Millions of beer drinkers around the globe rely on Untappd to rate, review and share beer recommendations.
The app began as a side project for the duo, who live on opposite coasts. Now, the business is large enough that the pair left their day jobs to focus on it full-time.
"We thought about industries that were inherently social, but not yet in a real-time digital fashion," said Avola, reflecting on the origin of their project. "We looked at it as an educational platform, merged with the idea of drinking with someone who is right there with you even if they are anywhere else around the world."
The goal was to create a beer-centric version of another app that was popular at the time, Foursquare. But instead of checking into a location, users "check into" a beer.
Launched in the fall of 2010, Untappd arrived as thousands of new brewers and their many thousands more new beers would hit the market. Today, Untappd has 3.2 million users who rely on it to keep track of an even more crowded craft beer market.
Avola, who lives in New York and serves as the company's chief technical officer, studied computer science and has a master's degree in IT. He built the site and its applications and handles all the back-end operations. Mather, who lives in Los Angeles, is the company's CEO.
While Avola wrote plenty of code in school, applying those lessons in the real world proved to be an education of its own.
"They don't really teach how to scale at this level when you're in school," said Avola. "They teach you to build queries for 100 people, not millions of people, so it was kind of a trial-and-error situation for us."

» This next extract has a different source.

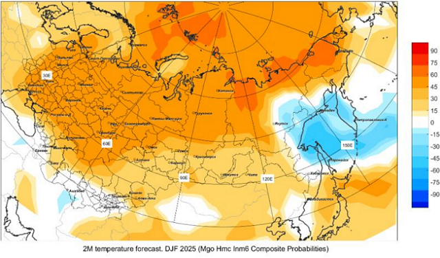 Прогноз температурного режима был составлен на основе данных трех российских моделей ПЛАВ, ГГО и ИВМ. Зимний сезон 2025-26 гг. на бо́льшей части территории Северной Евразии ожидается теплее средних многолетних значений. Высокая вероятность положительных аномалий прогнозируется на севере Якутии и Чукотском полуострове. В южных районах Сибири и на юго-западе Дальнего Востока России вероятность теплого сезона около 30%. Область отрицательных аномалий ожидается на побережье Охотского моря и Камчатском полуострове.

As the site grew quickly, Avola and Mather worked to keep pace and managed to succeed to such an extent that all but the most loyal users didn't realize it was just two guys working in their spare time. But there were some painful points along the way.
In its first couple years, the app often struggled to keep up with heavy traffic loads on Thursday, Friday and Saturday nights.
"I remember flying out to a conference once, and it was a Thursday night and the whole app crashed," he recalled. "My plane was delayed on the tarmac and I couldn't access the Wi-Fi to fix the problem and it was a real mess."
Avola and Mather fought through the growing pains and ultimately worked to re-engineer the entire site to reduce crashes caused by large crowds in peak hours.
It wasn't just keeping up with the app's rapid growth. Both Untappd founders still had their full-time careers and families to support.
Avola would spend his days in the IT department at ABC News and his nights working to keep his passion project running smoothly.
"I had a strict rule where I was not going to do Untappd stuff at work, so time management outside of work became the biggest thing that we used to work on," he said.
Learning to prioritize the site's many needs was key, said Avola.
"We really focused on making sure we did the right thing at the right time. We had such limited time that we didn't waste it with things that weren't important, and that's kind of what it all came down to," he said.
Avola logged plenty of late nights, but with his supportive wife and a boss that was a "huge Untappd" fan, the app continued to grow — largely by word of mouth, since there was no marketing budget.
"I love walking into a bar, seeing someone I don't know checking their beer into Untappd and sharing with friends," he said. "That shows me we did something right and created something people will want to engage with for awhile."
In February of this year, Untappd merged with Next Glass, a wine and beer identification and recommendation app, and Untappd now operates as a Next Glass unit. This also allowed both Avola and Mather to quit their full-time jobs to focus solely on Untappd.
Among the first initiatives was the recently launched Untappd for Business, which allows bars and restaurants who pay for the service to share and update beer lists in the app and receive data and analytics on customer demographics.
"It's a thing we've built from the ground up, and from the very beginning been very humble about it, and all of sudden now we're getting the opportunity to give it the attention it deserves," said Avola. "To now be able to go to work and say I'm the CTO of Untappd, and it's not just a side project, it's a real full-time job, is a dream come true."